[Excerpted data — start]
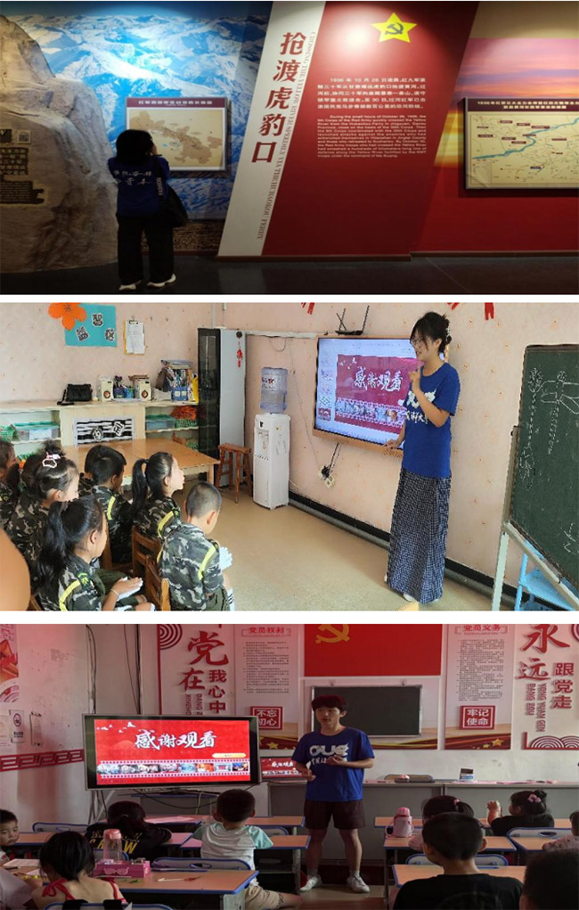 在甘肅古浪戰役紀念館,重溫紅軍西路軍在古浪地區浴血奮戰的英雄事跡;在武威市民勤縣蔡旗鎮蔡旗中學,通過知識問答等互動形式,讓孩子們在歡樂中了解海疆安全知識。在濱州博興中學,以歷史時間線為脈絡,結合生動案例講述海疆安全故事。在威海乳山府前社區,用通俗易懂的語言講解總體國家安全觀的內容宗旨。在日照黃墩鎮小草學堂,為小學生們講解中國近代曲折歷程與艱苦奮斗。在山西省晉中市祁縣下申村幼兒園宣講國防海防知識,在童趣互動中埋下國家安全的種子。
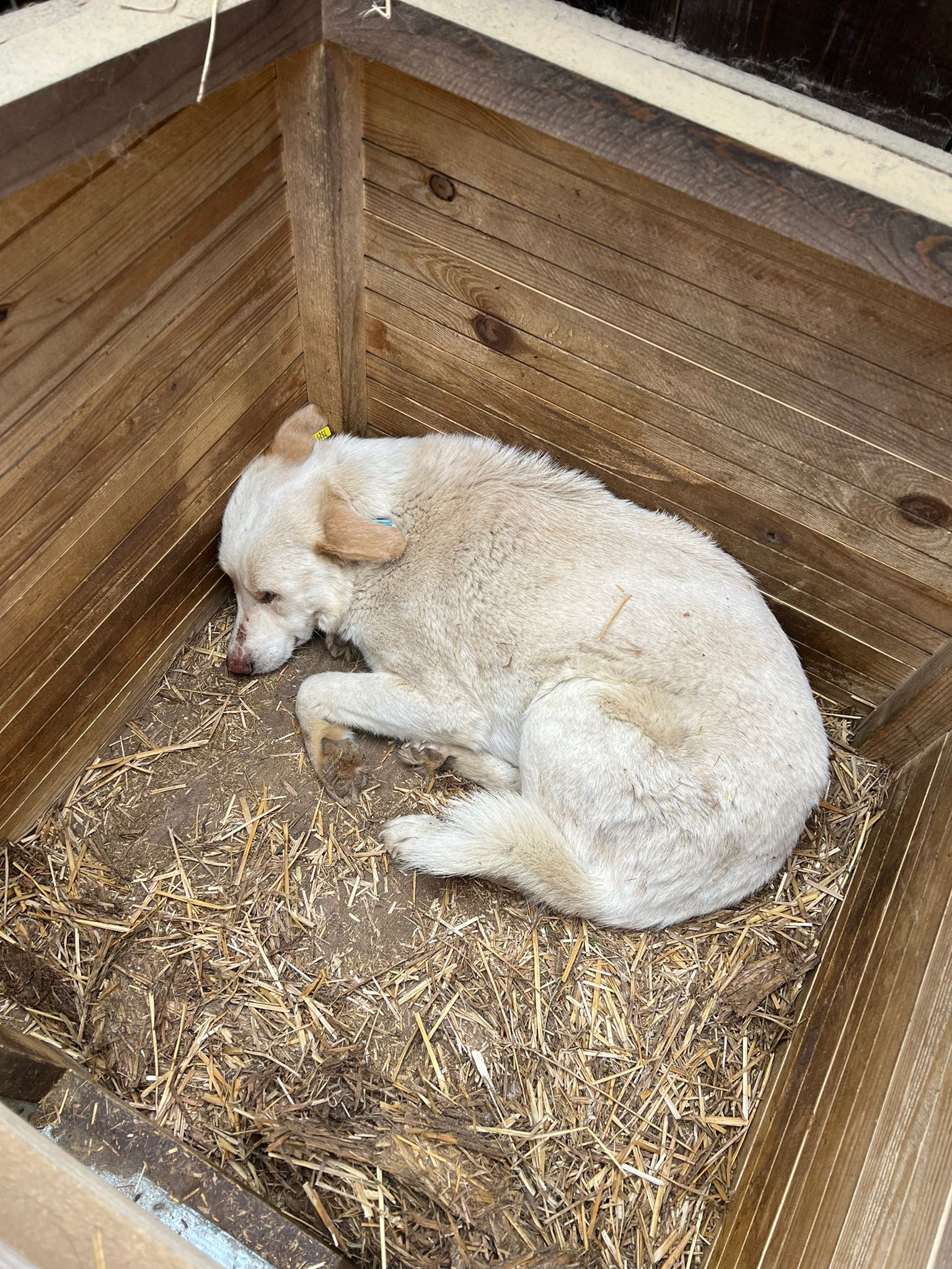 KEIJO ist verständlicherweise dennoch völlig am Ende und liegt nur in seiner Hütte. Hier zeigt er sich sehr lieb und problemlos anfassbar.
[Excerpted data — finish]
[Excerpted data — start]
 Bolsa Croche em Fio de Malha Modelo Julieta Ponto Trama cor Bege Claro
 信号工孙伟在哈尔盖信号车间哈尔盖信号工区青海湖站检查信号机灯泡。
[Excerpted data — finish]
To do>
What is needed is an exact copy of the lines above from the one with "在甘肅古浪戰役紀念館,重溫紅" to the one with "KEIJO ist verständlicherweise", both ends kept, and nothing more; please leave the pictures out.

Your response>
 在甘肅古浪戰役紀念館,重溫紅軍西路軍在古浪地區浴血奮戰的英雄事跡;在武威市民勤縣蔡旗鎮蔡旗中學,通過知識問答等互動形式,讓孩子們在歡樂中了解海疆安全知識。在濱州博興中學,以歷史時間線為脈絡,結合生動案例講述海疆安全故事。在威海乳山府前社區,用通俗易懂的語言講解總體國家安全觀的內容宗旨。在日照黃墩鎮小草學堂,為小學生們講解中國近代曲折歷程與艱苦奮斗。在山西省晉中市祁縣下申村幼兒園宣講國防海防知識,在童趣互動中埋下國家安全的種子。
 KEIJO ist verständlicherweise dennoch völlig am Ende und liegt nur in seiner Hütte. Hier zeigt er sich sehr lieb und problemlos anfassbar.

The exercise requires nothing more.